» SUPPLIED DATA
------------------------------

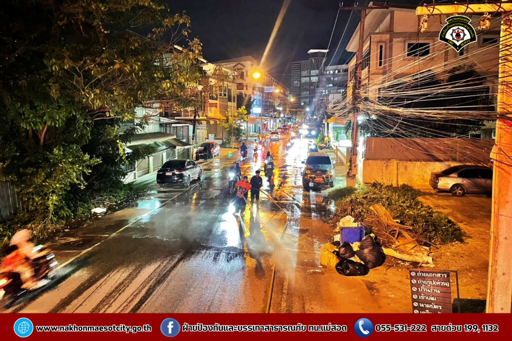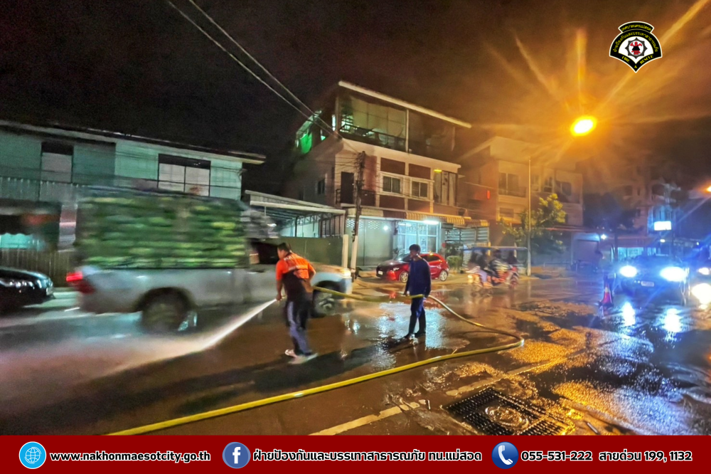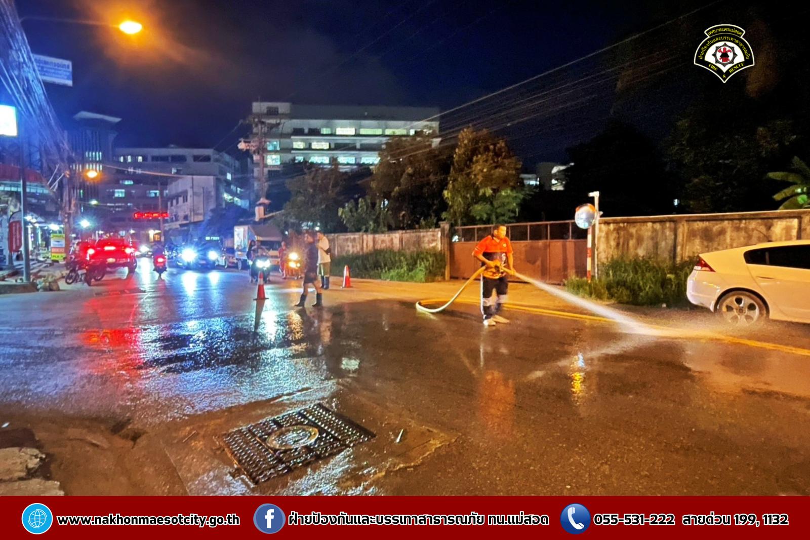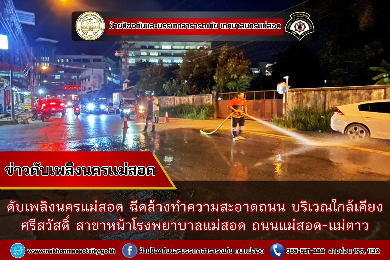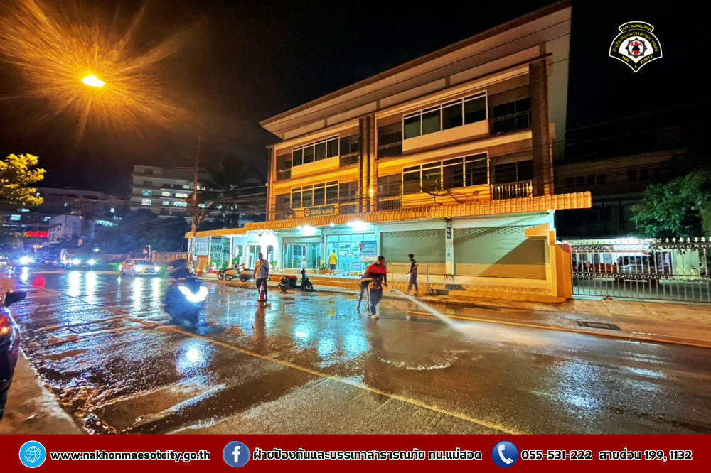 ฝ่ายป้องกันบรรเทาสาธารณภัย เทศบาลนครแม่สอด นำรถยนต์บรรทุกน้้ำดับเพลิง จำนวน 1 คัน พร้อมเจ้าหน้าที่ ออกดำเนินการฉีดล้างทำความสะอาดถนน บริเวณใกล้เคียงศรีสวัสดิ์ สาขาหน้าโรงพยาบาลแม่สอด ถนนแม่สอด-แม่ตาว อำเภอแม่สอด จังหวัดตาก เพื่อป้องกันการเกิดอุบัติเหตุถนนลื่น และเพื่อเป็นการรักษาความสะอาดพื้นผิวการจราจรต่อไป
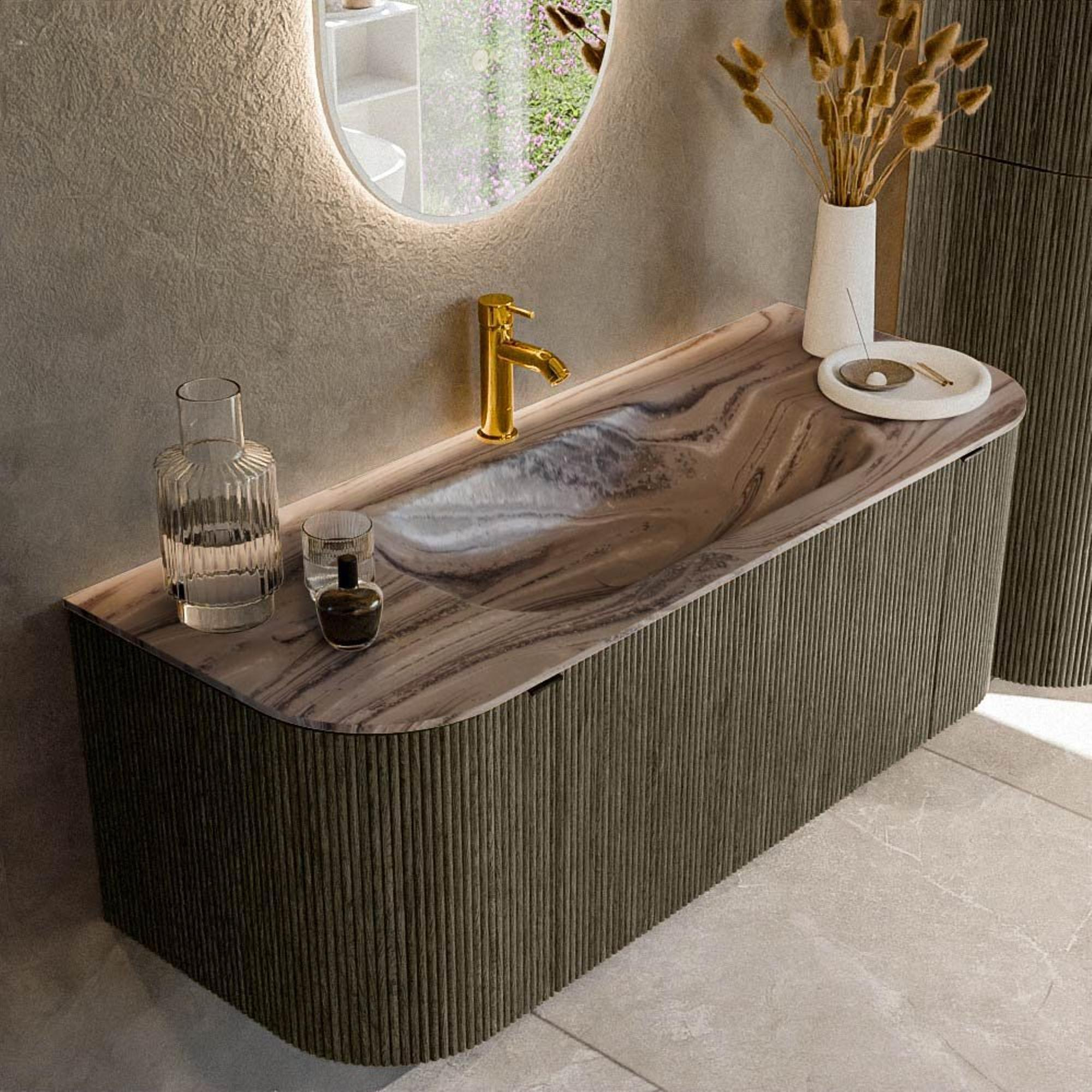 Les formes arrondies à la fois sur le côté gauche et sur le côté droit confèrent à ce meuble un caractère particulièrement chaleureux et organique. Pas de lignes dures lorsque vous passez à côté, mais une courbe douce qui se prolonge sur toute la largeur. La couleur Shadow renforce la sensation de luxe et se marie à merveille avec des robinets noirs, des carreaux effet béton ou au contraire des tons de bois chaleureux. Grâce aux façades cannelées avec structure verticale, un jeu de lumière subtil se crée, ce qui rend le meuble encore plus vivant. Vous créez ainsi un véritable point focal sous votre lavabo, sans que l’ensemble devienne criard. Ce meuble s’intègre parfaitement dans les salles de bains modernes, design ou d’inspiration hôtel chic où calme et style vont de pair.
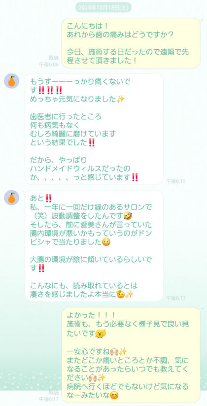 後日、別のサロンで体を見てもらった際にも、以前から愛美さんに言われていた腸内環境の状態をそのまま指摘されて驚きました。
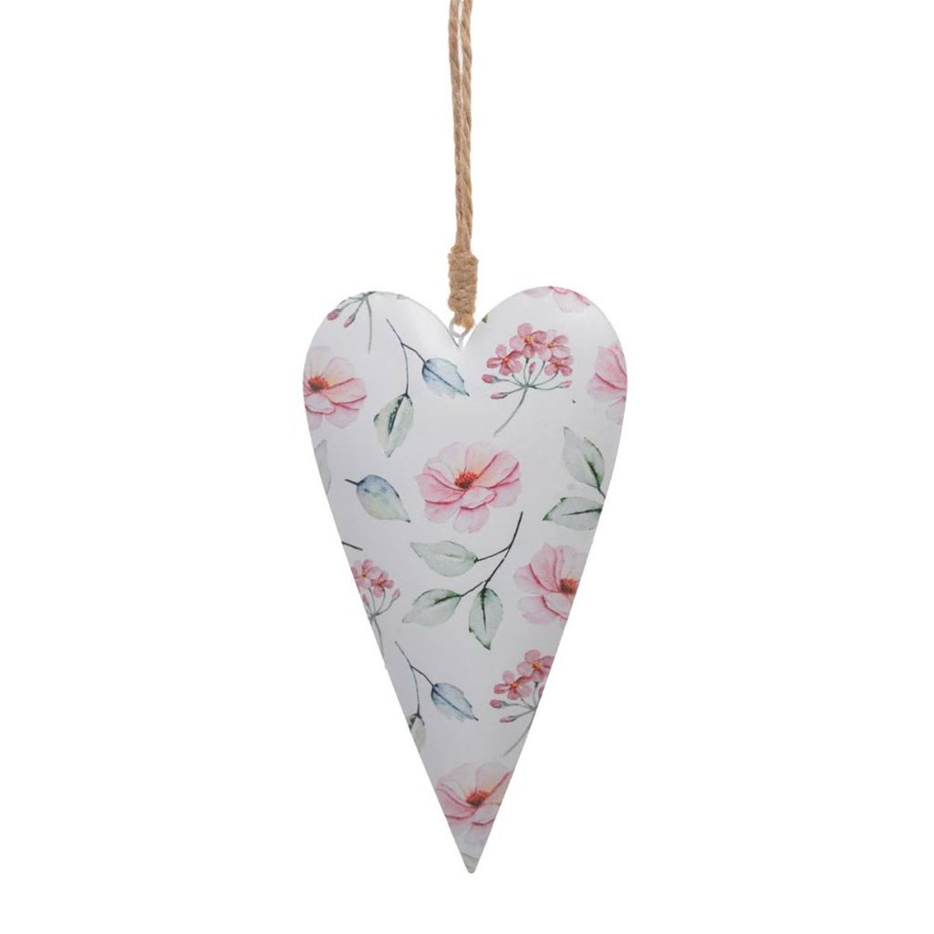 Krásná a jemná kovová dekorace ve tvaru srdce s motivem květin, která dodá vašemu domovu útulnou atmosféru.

------------------------------

» WHAT THIS TASK INVOLVES
Pictures are to be left out. Otherwise, copy the material above exactly.

» OUTPUT FOR THIS TASK
 ฝ่ายป้องกันบรรเทาสาธารณภัย เทศบาลนครแม่สอด นำรถยนต์บรรทุกน้้ำดับเพลิง จำนวน 1 คัน พร้อมเจ้าหน้าที่ ออกดำเนินการฉีดล้างทำความสะอาดถนน บริเวณใกล้เคียงศรีสวัสดิ์ สาขาหน้าโรงพยาบาลแม่สอด ถนนแม่สอด-แม่ตาว อำเภอแม่สอด จังหวัดตาก เพื่อป้องกันการเกิดอุบัติเหตุถนนลื่น และเพื่อเป็นการรักษาความสะอาดพื้นผิวการจราจรต่อไป
 Les formes arrondies à la fois sur le côté gauche et sur le côté droit confèrent à ce meuble un caractère particulièrement chaleureux et organique. Pas de lignes dures lorsque vous passez à côté, mais une courbe douce qui se prolonge sur toute la largeur. La couleur Shadow renforce la sensation de luxe et se marie à merveille avec des robinets noirs, des carreaux effet béton ou au contraire des tons de bois chaleureux. Grâce aux façades cannelées avec structure verticale, un jeu de lumière subtil se crée, ce qui rend le meuble encore plus vivant. Vous créez ainsi un véritable point focal sous votre lavabo, sans que l’ensemble devienne criard. Ce meuble s’intègre parfaitement dans les salles de bains modernes, design ou d’inspiration hôtel chic où calme et style vont de pair.
 後日、別のサロンで体を見てもらった際にも、以前から愛美さんに言われていた腸内環境の状態をそのまま指摘されて驚きました。
 Krásná a jemná kovová dekorace ve tvaru srdce s motivem květin, která dodá vašemu domovu útulnou atmosféru.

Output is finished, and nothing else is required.